Paper ID: 429
Title: Learning Feature Selection Dependencies in Multi-task Learning
Reviews

Submitted by Assigned_Reviewer_4

Q1: Comments to author(s). First provide a summary of the paper, and then address the following criteria: Quality, clarity, originality and significance. (For detailed reviewing guidelines, see http://nips.cc/PaperInformation/ReviewerInstructions)
Paper Summary:

The paper handles a problem that has garnered growing research interest: Learning sparse solutions for problems with relatively small amount of samples and many features (i.e.; mandate feature selection),
where we try to leverage data from several learning tasks over the same set of features. The assumption is that while the learning tasks are different they may share some characteristics that would enable us to generalize better. Specifically, the authors concentrate on the case where the learning tasks may share a dependency structure between the variables, though whether they are actually "active" and the magnitude of their coefficients (w) in each learning task may differ. The coefficient for each feature in each learning task is controlled via a horseshoe prior to insure sparseness.

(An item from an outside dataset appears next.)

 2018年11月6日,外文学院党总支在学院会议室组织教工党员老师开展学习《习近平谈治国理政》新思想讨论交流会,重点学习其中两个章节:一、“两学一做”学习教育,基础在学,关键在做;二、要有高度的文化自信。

However, instead of assuming these are independent priors for each feature, the authors introduce a correlation matrix (C) over the hyper parameters (u,v) that control the features coefficients. They assume that matrix (C) is shared between the learning tasks. In this learning setting, we are generally interested in two things: (1) prediction for new data (2) detecting what are the "active" features for each learning task, given by z = (w,u,v) for each task. Since the integrals do not have a closed form solution they resort to approximate inference using EP. For testing their algorithm the authors use two datasets: A synthetic dataset which has a clear regularity in the selected active features in each task (active iff mod(i/16) = j where j in 1...16 and i in 1....128) and a 10x10 digitized handwritten digits. In both cases they show improved results compared to a host of other algorithms that do not utilize mulit-task learning or use multi-task learning but assume the active features are shared or at least have no dependency structure.

Pros:
1. The paper includes comparison to several other methods, and demonstrate improved performance for those tasks.
2. The method developed is new making good use of a whole host of ML related methods. These methods have been gaining interest: Sparse Bayesian priors such as the horseshoe with alternative representations of it, EP with various tricks to make it more efficient. Thus, the paper has the side benefit of educating the readers while the authors claim significant speedup for EP.
3. The intro to the horseshoe prior usage is clearly written.

Cons:
1. While the method is novel and non-trivial the overall relevance of it for real life applications is not clear, and the authors make no attempt at clarifying this. Several things stand out: First, the authors make a general comment that their approach is useful since the different learning tasks "share only the dependency structure" (p.2, top). True, sharing exactly the same active features and coefficients is a stronger assumptions, but other methods relax these assumptions. Sharing (exactly) the same dependency structure actually seems quite a strong assumption, and not necessarily a realistic one if you think of applications such as networks in the bio-medical domain. The authors claim this to be "a very flexible assumption" (p. 8 conclusions) but do not support this in any way. Specifically, they only evaluate their method on two datasets with very clear and unique regularities in their feature dependency structure. Comparison on cases where some features are shared but with no underlying dependency structure exists is warranted. Finally, the authors mention only theoretical computational costs. The experiments involve only small toy data. It is not clear how such a method would perform compared to alternatives when number of samples (n), number of tasks (k) and number of features (f) grows. The latter is especially problematic as the method aimes to reconstruct the correlation matrix between all features.

2. The writeup is missing crucial details for demonstrating mathematical soundness required for publication. The authors constantly use arguments such as "The gradient of .... can be used for this task" (p. 4), "the gradient of.... with respect to .... can be easily computed in terms of the ...." p. 5 Then sate "The derivations are long and tedious and hence omitted here" (p. 6). Similarly, all the actual implementation of the EP in Sec. 3 is only reviewed. The details should be given in a matching supplementary for completeness.

3. The write up is not well balanced/structured. While the main novel element is the estimation of the joint dependency structure the authors spend very little on it. Instead they give a clear but maybe too long intro to the horseshoe prior. Specifically, Figure 1 is taken straight out of Caravlho et al 2009 (Fig 1,2) and the authors should at least point that out clearly and/or retain only say Fig1c. Sec 3 should be extended and and requires supp (see above). In the experiments the author spend almost a full page (p. 7) on a synthetic data which can only be described as a sanity check. The 3 panels in Fig 3 are too much. The set up of the digits experiments is not clear and should be revised (e.g. where does n = 75 comes from? "100" appears as the value of too many different params not defined, which is confusing).

Other:

1. On p. 6 the authors state they define P (which is at the heart of the correlation matrix C) to have m x d params, and set m = n where n is #samples.
But in the multi class learning framework they claim each learning task can have a different number of samples n_k, though P is presumably the same. Can you explain?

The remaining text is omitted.